Output the whole listing exactly, with no pictures.

◆ RECORDED INFORMATION ◆
* * * * * * *
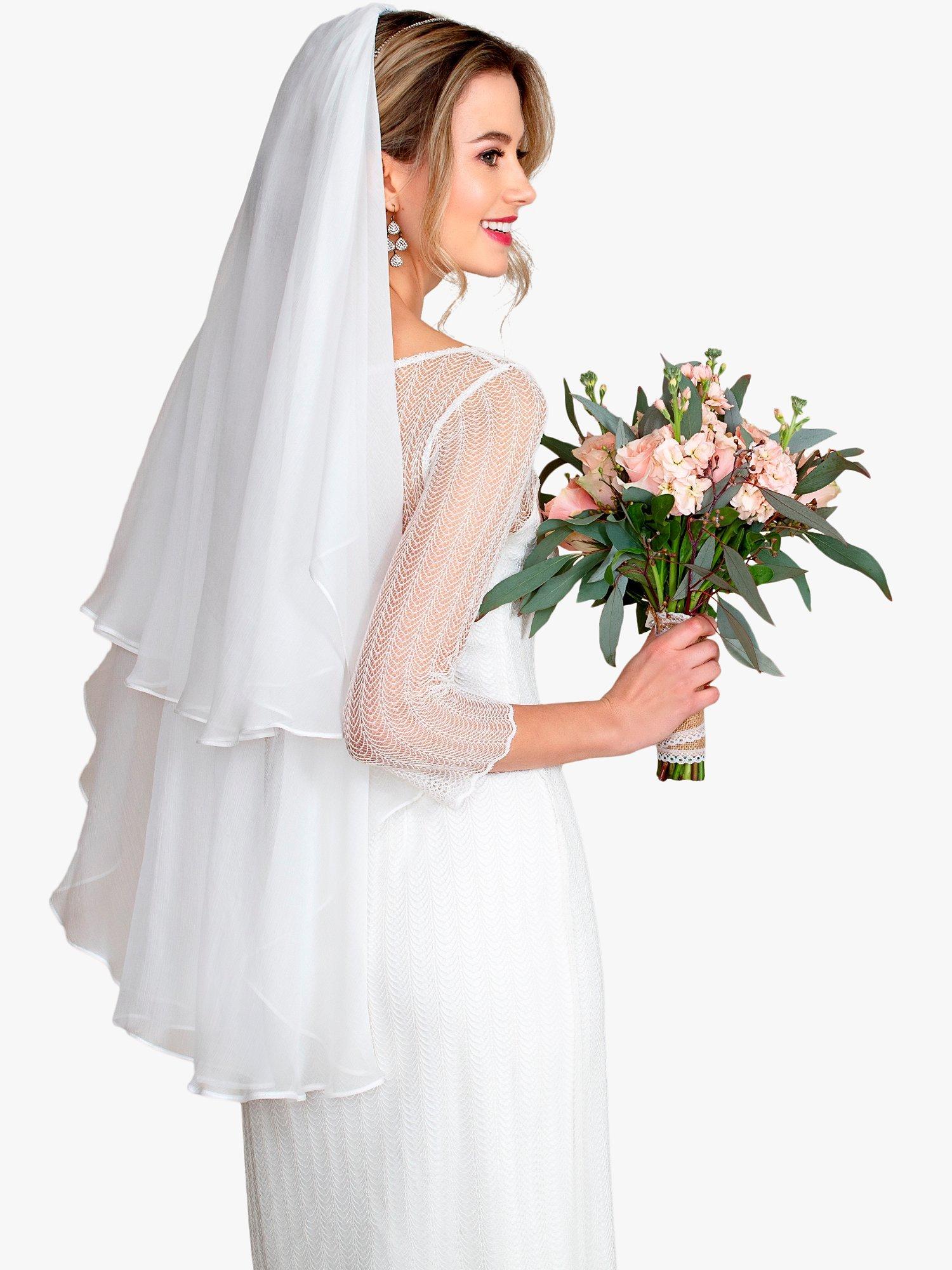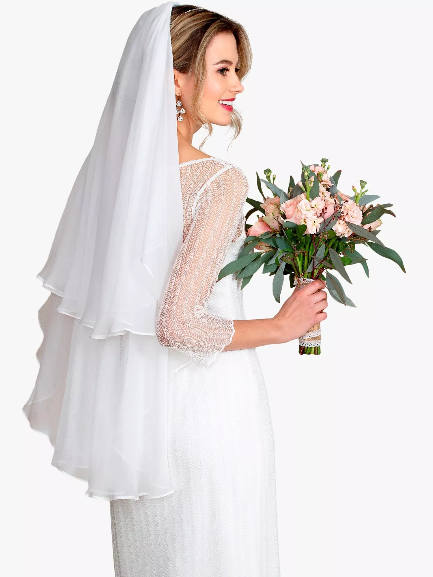 Perfect for the bride who just wants a hint of veil, our barely there pure silk chiffon design is luxuriously lightweight. Designed with a soft ivory white silk crinkle chiffon, this shorter classic veil is described as 'fingertip' length due to the hem extending to the bride's fingertips.
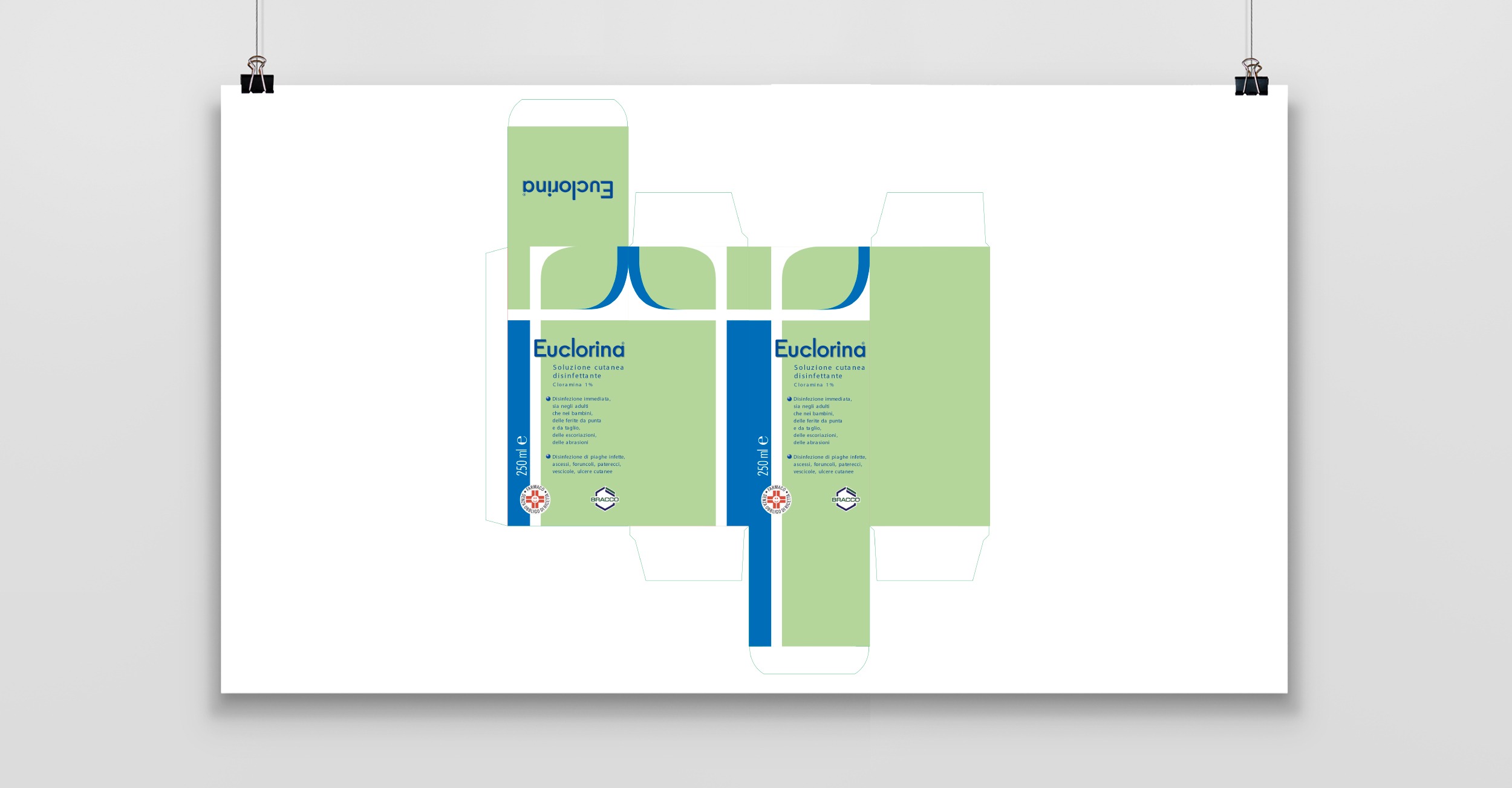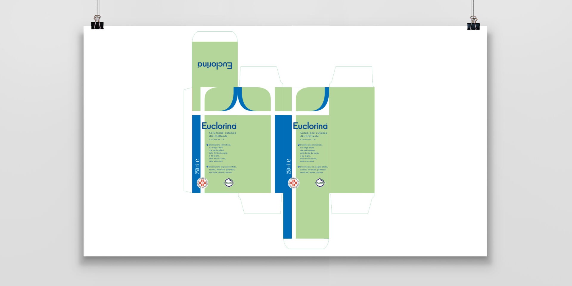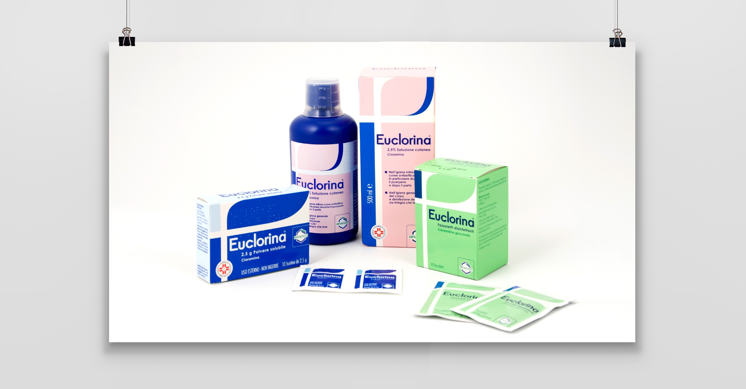 Un packaging lineare, essenziale sviluppato su tutta la linea Euclorina.
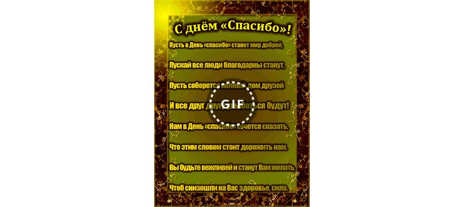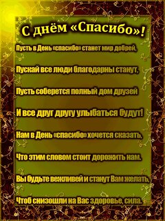 С днём "Спасибо"! Пусть в день "спасибо" станет мир добрей, пускай все люди благодарны станут, пусть соберётся полный дом друзей и все друг другу улыбаться будут! Нам в день "спасибо" хочется сказать, что этим словом стоит дорожить нам. Вы будьте вежливей и станут вам желать, чтоб снизошли на вас здоровье, сила.
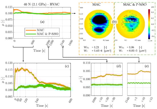 As seen in Figure 4a, and magnified in Figure 4c, the neat MAC displays a pronounced running-in behavior with a rapidly rising friction in the initial 10 s. A significantly increased friction coefficient is maintained during the initial 4 min (240 s) before stabilizing around the initial value. It is deemed likely that higher friction during the running-in phase was accompanied by significant wear. In contrast, ‘MAC &P-SiSO’ display a relatively steady running-in process, with a very slight increase in friction from 30–60 s into the experiment. However, also with ‘MAC &P-SiSO’ there was a running-in process over the initial ~500 s. In the case of ‘MAC &P-SiSO’, the friction coefficient remains low, but the running-in process is accompanied by slight fluctuations in friction before the friction stabilizes. The 3DP data reported in Figure 4b display wear indices (WHz) of 1.21 for neat MAC, and 1.05 for ‘MAC &P-SiSO’. The removed volume of material (Wv) was twice as large in the sample lubricated by neat MAC as compared to ‘MAC &P-SiSO’. It is likely that a significant part of the wear seen with MAC was produced during the running-in phase, as indicated by the significantly higher friction. After such a period of high wear, the load-bearing contact area increases, which in turn lowers the actual contact pressure throughout the remaining test.
* * * * * * *
◆ THE COMPLETED TASK ◆
 Perfect for the bride who just wants a hint of veil, our barely there pure silk chiffon design is luxuriously lightweight. Designed with a soft ivory white silk crinkle chiffon, this shorter classic veil is described as 'fingertip' length due to the hem extending to the bride's fingertips.
 Un packaging lineare, essenziale sviluppato su tutta la linea Euclorina.
 С днём "Спасибо"! Пусть в день "спасибо" станет мир добрей, пускай все люди благодарны станут, пусть соберётся полный дом друзей и все друг другу улыбаться будут! Нам в день "спасибо" хочется сказать, что этим словом стоит дорожить нам. Вы будьте вежливей и станут вам желать, чтоб снизошли на вас здоровье, сила.
 As seen in Figure 4a, and magnified in Figure 4c, the neat MAC displays a pronounced running-in behavior with a rapidly rising friction in the initial 10 s. A significantly increased friction coefficient is maintained during the initial 4 min (240 s) before stabilizing around the initial value. It is deemed likely that higher friction during the running-in phase was accompanied by significant wear. In contrast, ‘MAC &P-SiSO’ display a relatively steady running-in process, with a very slight increase in friction from 30–60 s into the experiment. However, also with ‘MAC &P-SiSO’ there was a running-in process over the initial ~500 s. In the case of ‘MAC &P-SiSO’, the friction coefficient remains low, but the running-in process is accompanied by slight fluctuations in friction before the friction stabilizes. The 3DP data reported in Figure 4b display wear indices (WHz) of 1.21 for neat MAC, and 1.05 for ‘MAC &P-SiSO’. The removed volume of material (Wv) was twice as large in the sample lubricated by neat MAC as compared to ‘MAC &P-SiSO’. It is likely that a significant part of the wear seen with MAC was produced during the running-in phase, as indicated by the significantly higher friction. After such a period of high wear, the load-bearing contact area increases, which in turn lowers the actual contact pressure throughout the remaining test.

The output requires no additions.